Records for this exercise:
=== Section Start ===
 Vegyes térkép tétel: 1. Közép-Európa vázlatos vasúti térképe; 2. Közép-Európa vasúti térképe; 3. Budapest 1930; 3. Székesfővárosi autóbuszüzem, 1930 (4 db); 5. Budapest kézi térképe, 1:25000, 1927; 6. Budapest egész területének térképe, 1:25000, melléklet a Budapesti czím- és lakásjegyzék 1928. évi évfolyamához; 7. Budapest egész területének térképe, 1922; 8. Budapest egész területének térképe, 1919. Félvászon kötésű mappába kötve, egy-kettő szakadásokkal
=== Section End ===
=== Section Start ===
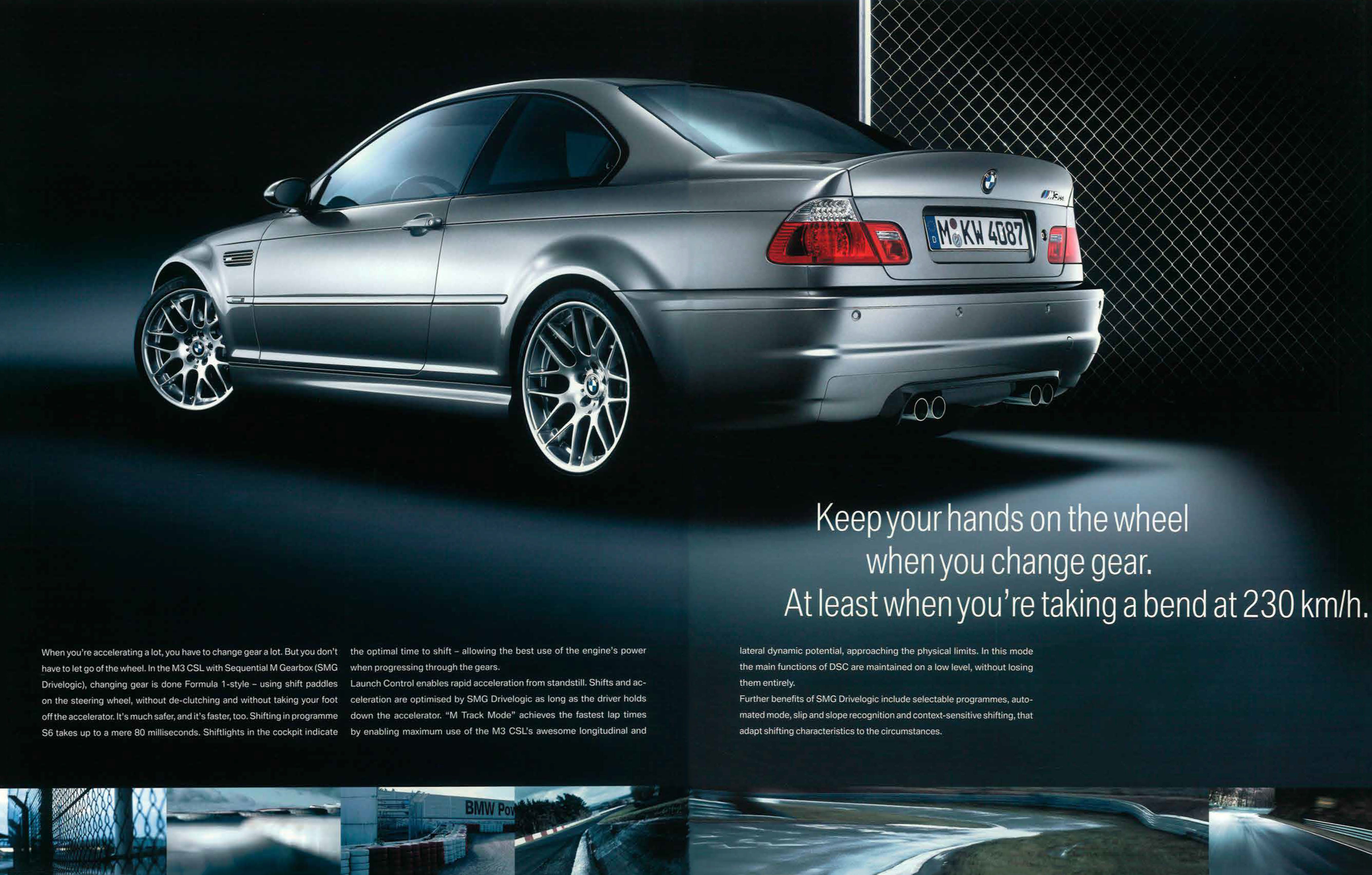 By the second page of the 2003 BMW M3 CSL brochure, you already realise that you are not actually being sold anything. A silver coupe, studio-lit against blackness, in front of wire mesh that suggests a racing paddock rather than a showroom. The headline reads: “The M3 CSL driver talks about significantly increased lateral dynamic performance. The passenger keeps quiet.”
=== Section End ===
=== Section Start ===
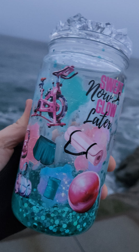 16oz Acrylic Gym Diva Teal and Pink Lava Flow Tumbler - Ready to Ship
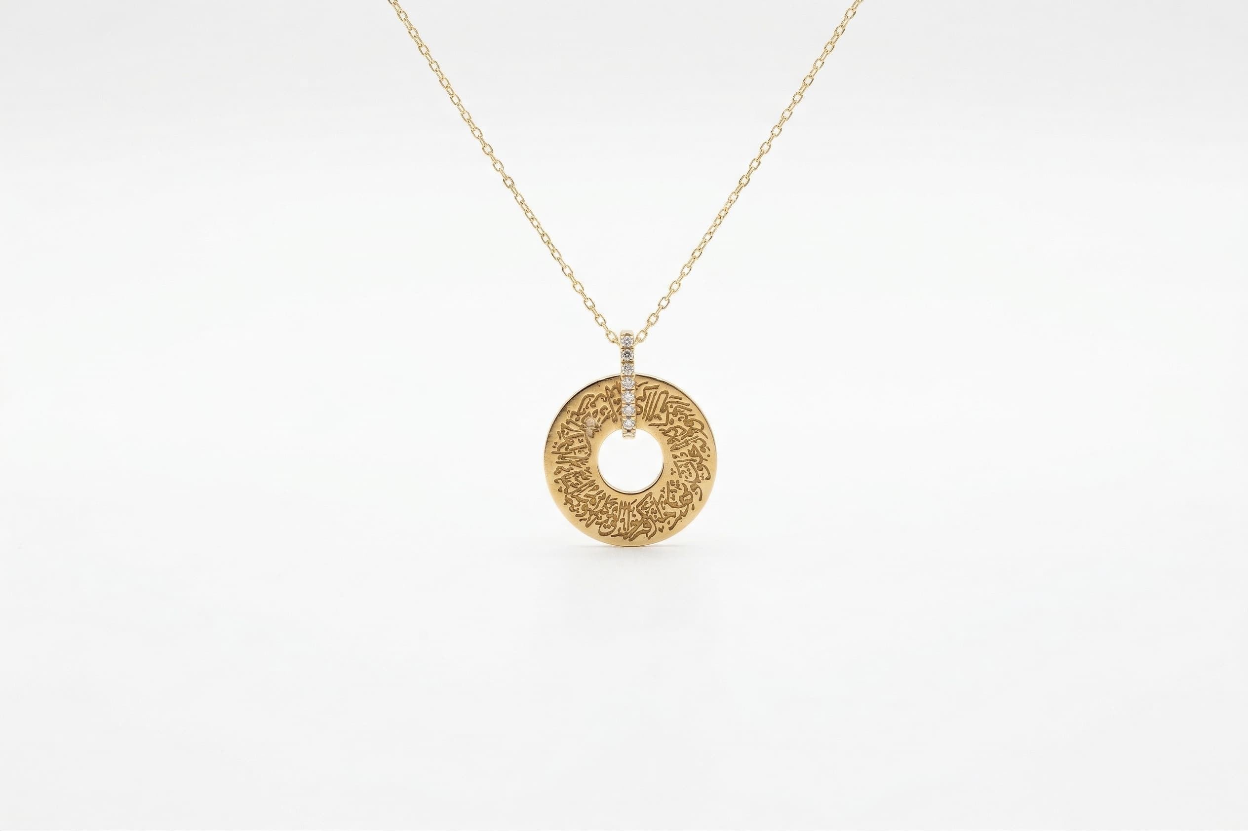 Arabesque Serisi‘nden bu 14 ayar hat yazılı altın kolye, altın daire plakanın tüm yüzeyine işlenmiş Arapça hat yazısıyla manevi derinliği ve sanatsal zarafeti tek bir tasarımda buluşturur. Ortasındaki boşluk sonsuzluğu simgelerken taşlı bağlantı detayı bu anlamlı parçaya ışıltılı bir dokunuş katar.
=== Section End ===
Exercise aim: Reproduce word for word, with pictures dropped, only the part of the material above that opens with the line containing "16oz Acrylic Gym" and closes with the line containing "Arabesque Serisi‘nden bu".

Output of the exercise:
 16oz Acrylic Gym Diva Teal and Pink Lava Flow Tumbler - Ready to Ship
 Arabesque Serisi‘nden bu 14 ayar hat yazılı altın kolye, altın daire plakanın tüm yüzeyine işlenmiş Arapça hat yazısıyla manevi derinliği ve sanatsal zarafeti tek bir tasarımda buluşturur. Ortasındaki boşluk sonsuzluğu simgelerken taşlı bağlantı detayı bu anlamlı parçaya ışıltılı bir dokunuş katar.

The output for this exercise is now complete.